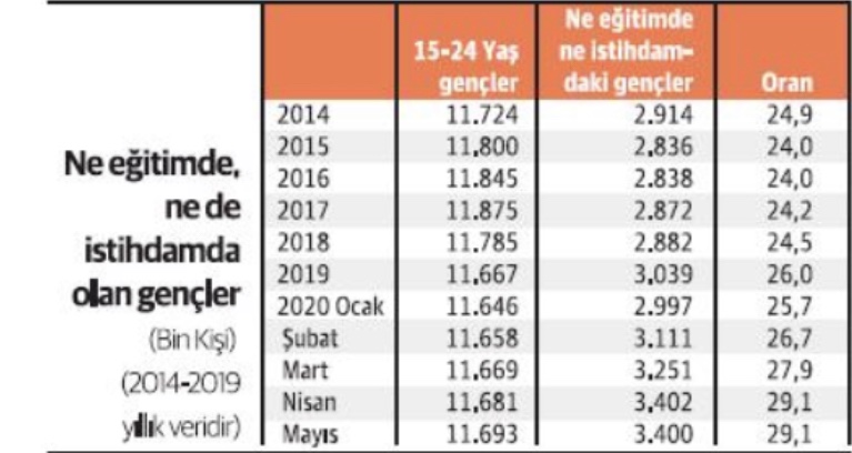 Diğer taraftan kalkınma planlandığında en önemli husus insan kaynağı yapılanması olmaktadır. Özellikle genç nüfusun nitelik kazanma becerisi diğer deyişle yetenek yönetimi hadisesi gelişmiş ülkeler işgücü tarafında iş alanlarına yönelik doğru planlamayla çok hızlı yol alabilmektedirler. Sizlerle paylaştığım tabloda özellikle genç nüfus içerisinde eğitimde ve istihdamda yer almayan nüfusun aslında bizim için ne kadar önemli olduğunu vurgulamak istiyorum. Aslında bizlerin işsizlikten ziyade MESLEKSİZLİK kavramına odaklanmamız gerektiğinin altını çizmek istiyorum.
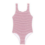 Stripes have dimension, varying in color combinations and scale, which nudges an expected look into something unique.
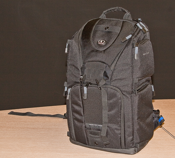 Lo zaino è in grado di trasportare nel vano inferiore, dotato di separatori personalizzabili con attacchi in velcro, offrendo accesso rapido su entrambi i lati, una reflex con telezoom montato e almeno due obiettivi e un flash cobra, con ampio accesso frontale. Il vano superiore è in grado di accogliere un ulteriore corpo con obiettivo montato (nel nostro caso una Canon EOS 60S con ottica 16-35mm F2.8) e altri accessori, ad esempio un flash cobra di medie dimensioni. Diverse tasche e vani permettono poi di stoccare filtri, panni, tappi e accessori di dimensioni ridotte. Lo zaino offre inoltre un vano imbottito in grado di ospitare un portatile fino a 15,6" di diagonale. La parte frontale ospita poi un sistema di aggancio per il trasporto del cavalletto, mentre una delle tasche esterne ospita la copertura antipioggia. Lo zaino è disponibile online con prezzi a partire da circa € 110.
§ §
> **ACTIVITY**:
Keep the pictures out and transcribe the listing exactly.

> **EXERCISE SOLUTION**:
 Diğer taraftan kalkınma planlandığında en önemli husus insan kaynağı yapılanması olmaktadır. Özellikle genç nüfusun nitelik kazanma becerisi diğer deyişle yetenek yönetimi hadisesi gelişmiş ülkeler işgücü tarafında iş alanlarına yönelik doğru planlamayla çok hızlı yol alabilmektedirler. Sizlerle paylaştığım tabloda özellikle genç nüfus içerisinde eğitimde ve istihdamda yer almayan nüfusun aslında bizim için ne kadar önemli olduğunu vurgulamak istiyorum. Aslında bizlerin işsizlikten ziyade MESLEKSİZLİK kavramına odaklanmamız gerektiğinin altını çizmek istiyorum.
 Stripes have dimension, varying in color combinations and scale, which nudges an expected look into something unique.
 Lo zaino è in grado di trasportare nel vano inferiore, dotato di separatori personalizzabili con attacchi in velcro, offrendo accesso rapido su entrambi i lati, una reflex con telezoom montato e almeno due obiettivi e un flash cobra, con ampio accesso frontale. Il vano superiore è in grado di accogliere un ulteriore corpo con obiettivo montato (nel nostro caso una Canon EOS 60S con ottica 16-35mm F2.8) e altri accessori, ad esempio un flash cobra di medie dimensioni. Diverse tasche e vani permettono poi di stoccare filtri, panni, tappi e accessori di dimensioni ridotte. Lo zaino offre inoltre un vano imbottito in grado di ospitare un portatile fino a 15,6" di diagonale. La parte frontale ospita poi un sistema di aggancio per il trasporto del cavalletto, mentre una delle tasche esterne ospita la copertura antipioggia. Lo zaino è disponibile online con prezzi a partire da circa € 110.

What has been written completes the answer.